La restauration scolaire représente un véritable enjeu pour les producteurs locaux. Après la colère des agriculteurs, nous avons tenu à faire le point sur la situation à Dijon. L’adjoint Franck Lehenoff, le « Monsieur Éducation » dans la capitale régionale, nous détaille le modèle développé afin de « faire le lien avec les producteurs locaux ».
La restauration collective représente l’un des débouchés pour les producteurs locaux. Qu’en est-il à Dijon ?
Franck Lehenoff : « Un retour en arrière est nécessaire pour répondre à cette question. La première équipe pilotée par François Rebsamen a construit la Cuisine centrale en régie en 2004, ce qui a permis d’avoir une vraie liberté dans la confection des repas. Dès 2010, une véritable accélération sur la qualité des repas s’est opérée, avec une augmentation assez forte de la part du bio. Depuis 3 ans, cette accélération s’est accentuée, à tel point que nous dépassons les critères de la loi Egalim, à savoir 50% minimum des produits de qualité et durables. Nous sommes à 58% en 2023 avec des produits issus de l’agriculture biologique atteignant 37%. Et nous avons plus de 20% de produits locaux ».
Quels dispositifs avez-vous mis en place pour travailler pleinement avec les producteurs locaux ?
« Dès 2020, nous avons effectué tout un travail de sourcing, c’est à dire que nous avons rencontré chaque producteur de la région afin d’avoir des lignes de produits différenciés. Au lieu de passer par de grandes plateformes industrielles, nous avons pris notre bâton de pèlerin afin de connaître leurs capacités de production et établir une rémunération au juste prix. Si bien que nous avons plus de 500 lignes de produits, à la différence de nombre d’autres cuisines centrales qui ne composent qu’avec une quinzaine de lignes ».
Pouvez-vous nous en dire plus sur les achats du dernier mois ?
« On s’aperçoit que sur les légumes achetés, 55% viennent de Bourgogne Franche-Comté, les 45% restant de France.

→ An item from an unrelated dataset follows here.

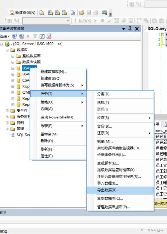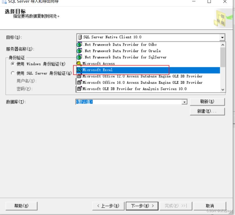 將查詢的兩列數據導出到excel中 1.選擇數據庫,右鍵任務→導出數據,打開導入導出向導,單擊下一步

Nous n’avons pas de légumes achetés aujourd’hui dans l’Union Européenne. Sur les produits laitiers, hors fromage, nous avons 61% de local et bio. Si on parle de rémunération, nous sommes à un prix moyen d’achat de légumes à 2,39 € le kg ».

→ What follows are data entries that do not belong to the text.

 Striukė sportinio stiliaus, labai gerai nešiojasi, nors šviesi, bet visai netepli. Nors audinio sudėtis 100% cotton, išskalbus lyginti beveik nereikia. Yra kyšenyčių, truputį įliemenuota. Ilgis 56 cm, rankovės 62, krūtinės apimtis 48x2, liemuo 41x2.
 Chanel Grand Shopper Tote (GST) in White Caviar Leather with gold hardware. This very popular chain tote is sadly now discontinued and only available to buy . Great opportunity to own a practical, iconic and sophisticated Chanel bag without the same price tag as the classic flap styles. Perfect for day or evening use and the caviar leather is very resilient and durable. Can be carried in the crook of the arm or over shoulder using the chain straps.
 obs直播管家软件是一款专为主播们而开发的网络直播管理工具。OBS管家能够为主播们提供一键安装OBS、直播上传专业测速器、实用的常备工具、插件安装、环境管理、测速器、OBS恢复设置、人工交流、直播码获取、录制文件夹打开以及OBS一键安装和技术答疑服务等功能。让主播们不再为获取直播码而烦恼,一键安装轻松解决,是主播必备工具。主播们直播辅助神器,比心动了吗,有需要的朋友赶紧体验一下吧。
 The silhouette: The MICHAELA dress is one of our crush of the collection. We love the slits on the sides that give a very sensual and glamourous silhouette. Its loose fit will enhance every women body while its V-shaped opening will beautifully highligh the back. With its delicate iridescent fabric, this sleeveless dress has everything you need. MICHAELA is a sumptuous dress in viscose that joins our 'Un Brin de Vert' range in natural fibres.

Inaugurée en mai 2023, la légumerie métropolitaine y participe également…
« La légumerie portée par mon collègue Philippe Lemanceau, vice-président de Dijon métropole en charge de la transition alimentaire, nous permet en effet d’accentuer le lien avec les producteurs, notamment ceux de la plateforme « Manger bio Bourgogne ». La légumerie est un véritable levier aussi pour garantir aux producteurs une juste rémunération. Nous avons par exemple deux fois par semaine des menus sans viande et la légumerie nous permet de rediscuter chaque mois avec les producteurs le prix des légumineuses. Il est très étonnant qu’au conseil métropolitain de décembre l’opposition de droite se soit abstenue sur le budget de la légumerie et sur le tarif proposé aux producteurs alors que nous ne sommes que sur des produits bio et locaux…»
Et vous conjuguez proximité et qualité…
« La qualité des menus est au cœur de notre travail. Nous œuvrons avec une diététicienne à la Cuisine centrale mais nous intervenons aussi auprès des jeunes, avec l’INRAE, par le biais du programme Chouette Cantine. Cet institut évalue la qualité nutritionnelle des repas et l’impact carbone sur la production. Dans le cadre de cette recherche appliquée, les enfants notent aussi la qualité du plat principal. Pour ce faire, ils disposent de bornes de satisfaction avec des smiley. En termes de sensibilisation, nous avons par exemple travaillé sur deux produits : le chou et les lentilles. Un repas a été moyennement apprécié, aussi les équipes du périscolaire ont-elles fait découvrir le chou mais sous un volet sensoriel pour qu’ils puissent l’apprécier. Cette sensibilisation sur les produits locaux est essentielle… »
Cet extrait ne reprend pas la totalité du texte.